Therefore, over the two measurement days, the counter connected with the induction loop recorded 1630 vehicles. This amounted to 95.5% of the actual number of vehicles that crossed the measurement section. Compared to the actual 1587 bicycles, the device recorded 43 extra vehicles, which means a relative error of 2.7%. Similar to the microwave radar, there were situations where the counter connected to the induction loop failed to record passing bicycles and situations where it recorded passing scooters and personal transporters. Based on video analysis, it was concluded that the counter recorded 96% of the actual number of bicycles passing the measurement section, as well as 93.9% of the scooters and personal transporters.

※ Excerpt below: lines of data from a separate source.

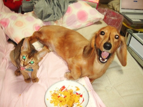 この日は2匹とも誕生日だったのでペット用の誕生日ケーキを買ってきましたー ケーキの写真も撮りたかったのですが、ガっついてるので、そっこー跡形もなく 犬はダラダラ食いしてますが満足そうでした今でもこの子たちは仲良くやってます♪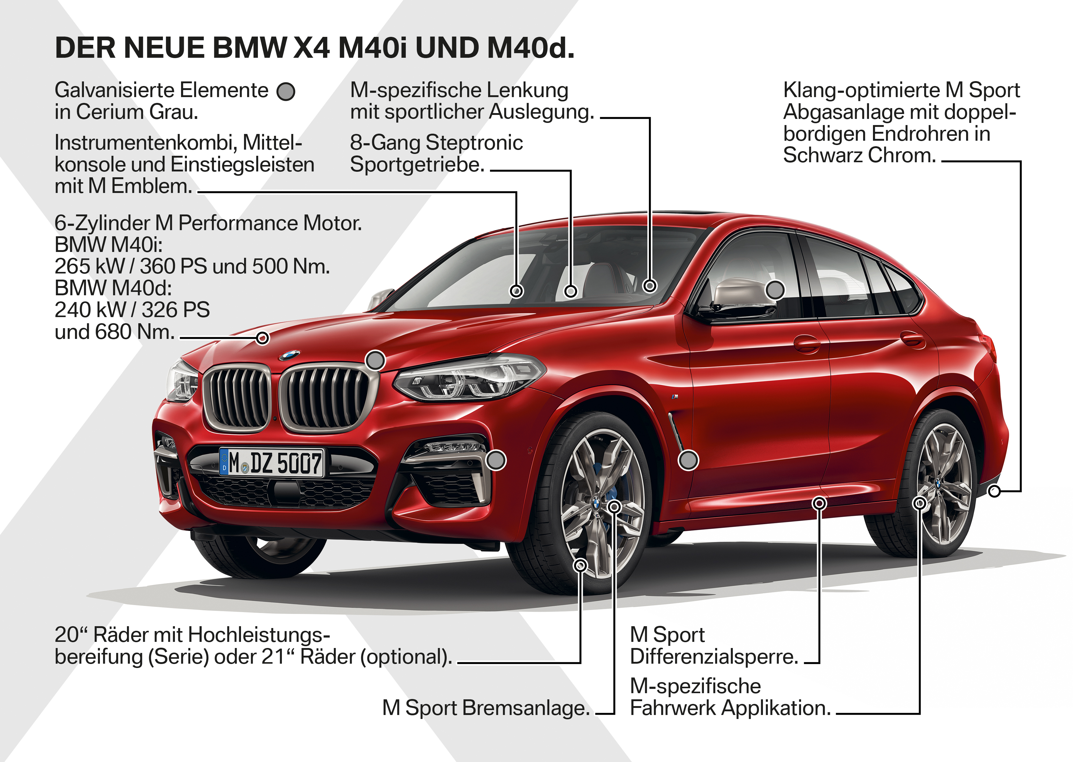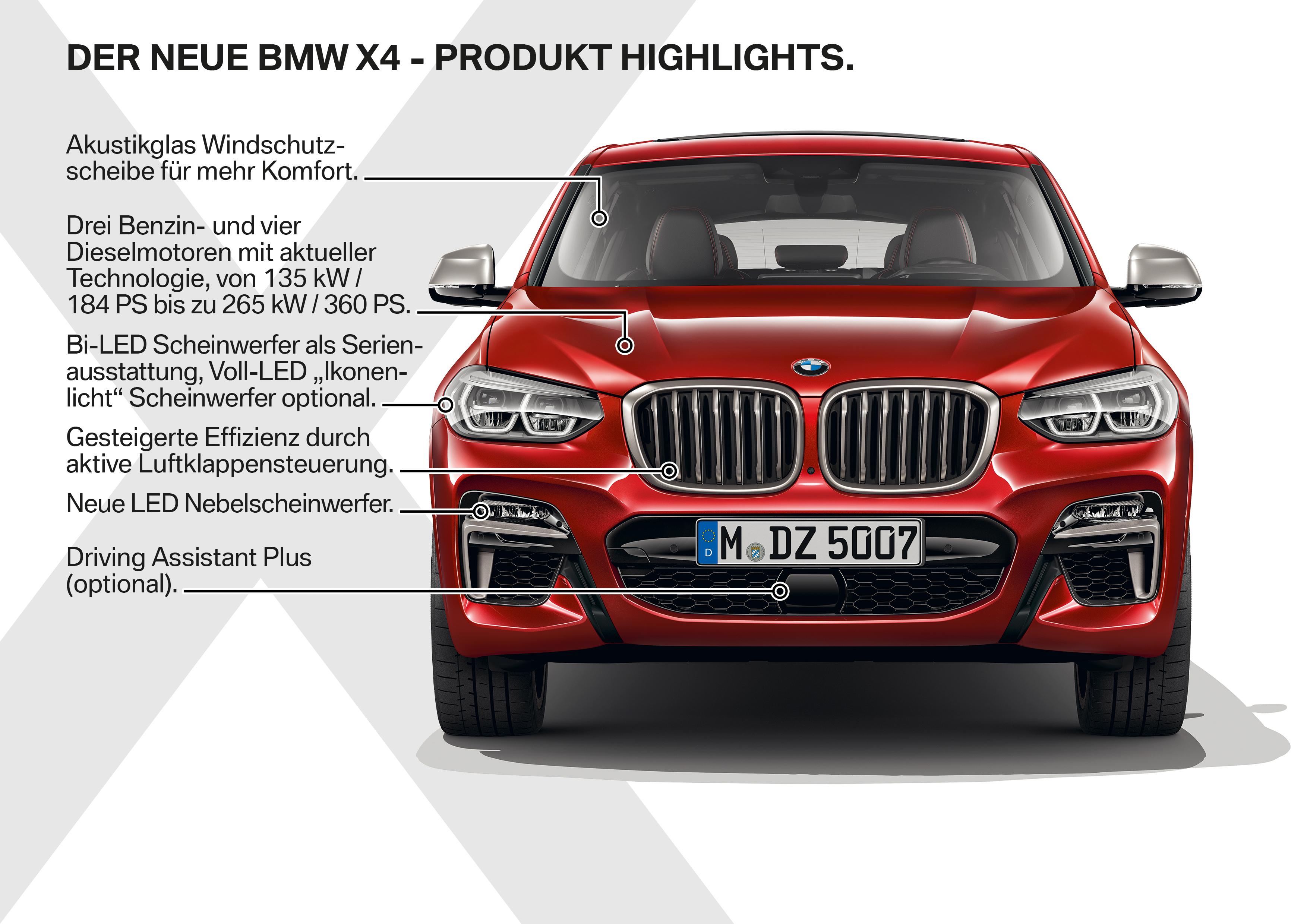 - Gezielte Individualisierung durch Modellvarianten xLine, M Sport X und M Sport. Außerdem sind erstmals für den BMW X4 auch exklusive Angebote aus dem BMW Individual Programm für eine detailliert am persönlichen Stil des Kunden ausgerichtete Konfiguration verfügbar.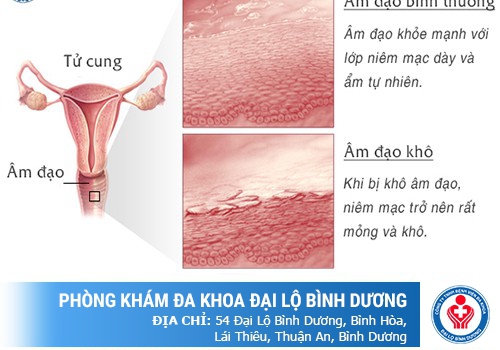 Khô âm đạo là tình trạng âm đạo tiết không đủ chất nhờn để bôi trơn vùng kín khiến cho việc quan hệ bị cản trở, đau rát và ngứa. Khô âm đạo làm giảm khoái cảm hoặc không có khoái cảm trong chuyện tình dục. Đối tượng thường gặp tình trạng này là những chị em bị suy giảm nội tiết tốt. Lúc này vùng kín sẽ bị khô rát, sưng đỏ, ngứa ngáy kèm theo viêm nhiễm. Tình trạng nếu kéo dài có thể gây ngứa rát vùng kín kể cả khi không quan hệ.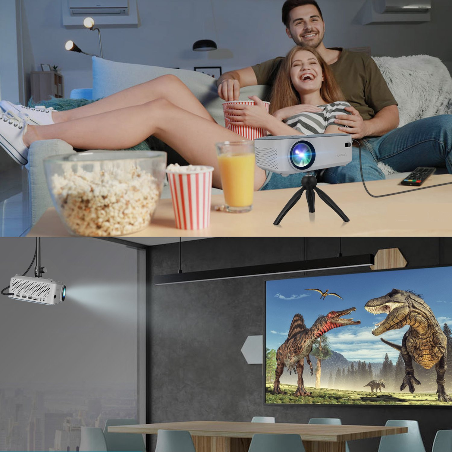 Fangor 206A 1080P Portable Mini Projector With Tripod & Carry Bag. Support Bluetooth. 200″ Projection Size

4.2. Measurement of Traffic Volume at the Bicycle Lane at Świętokrzyska Street

The second of the measurement locations was located in the Śródmieście district at 30 Świętokrzystka street, in the inner center of Warsaw (52.234959 N, 21.006358 E) (Figure 8). The studied section was located in the immediate vicinity of a pedestrian walkway, separated from the bicycle lane with a greenery belt in some places. An oblong residential building with several stores and eateries on the ground floor was located next to the section. Such locations are usually characterized by an above-average share of electric scooters in the vehicle type structure. Between the bicycle lane and the road, there was a paid car parking space dedicated for perpendicular parking. Due to the proximity of a parking meter and a minor park, one could expect increased pedestrian traffic in the vicinity of the studied area. The nearest intersections were located 120 m from the measurement section towards the east (with Marszałkowska street) and approx. 140 m to the west (with Raoul Wallenberg street). As with the measurements at Stefana Banacha street, the asphalt bicycle lane pavement was wet during the measurement, with no rainfall on either day. The average air temperature during the day, both on 15 and 16 December, was approx. 6 °C. Despite the measurement being conducted in the winter season, no snowfall was recorded during its course. The Figures below illustrate the location of the measurement station and photos showing its equipment.

4.2.1. Video Recording

According to the adopted assumption of conducting comparative analyses, the number of vehicles hand-coded from video footage fully represented the actual number of vehicles crossing the section located within the studied bicycle lane section. Over the two days of measurement covering the bicycle lane located by Świętokrzyska street, namely, the section between Marszałkowska street and Aleja Jana Pawła II, the authors recorded 1786 vehicles, including 1445 bicycles, 327 scooters, and 14 personal transporters. In direction 1, namely, Aleja Jana Pawła II, the studied section was crossed by 1158 vehicles (including 957 bicycles) and in direction 2 (Marszałkowska street), the equipment recorded 628 vehicles (including 488 bicycles). Table 3 and Table 4 show the structure type of vehicles recorded in the bicycle lane at Świętokrzyska street, broken down by directions and measurement days.

4.2.2. Microwave Radar

Over the 48 h of measurement (Figure 9 and Figure 10), it recorded 1651 vehicles, including 1588 classified as bicycles, 57 at motorcycles, and 6 as cars on the dedicated bicycle path. Based on video footage analysis and according to the adopted procedure, 63 records involving motorcycles and cars were determined as categorization errors and included in further statements as bicycles. Under such an assumption, the counter recorded 1651 bicycles, which, compared to the 1445 bicycles that actually crossed the studied section, amounted to an absolute measurement error of the device of 14.3%. This was largely due to the fact that as many as 327 scooters as 14 personal transporters were recorded within the studied bicycle lane section, which translated to shares in the structure type of 18.3% and 0.8%, respectively. Similar to the measurement point at Stefana Banacha street, there were cases where electric scooters were classified by the counter as bicycles. The microwave radar placed on the bicycle lane at Świętokrzyska street recorded almost 79.2% of scooters and 95.6% of bicycles that crossed the measurement section.
Besides recording the very number of vehicles, the radar also measured their speed; in the case of the station at Świętokrzyska street, the average value was 20.14 km/h. This number was impacted by such factors as a good-quality asphalt pavement, distances from traffic flow intersections higher than 50 m in both directions, and a greenery belt separating the bicycle lane from the walkway. The graph (Figure 11) below illustrates the number of vehicles moving at particular speeds, rounded to whole numbers.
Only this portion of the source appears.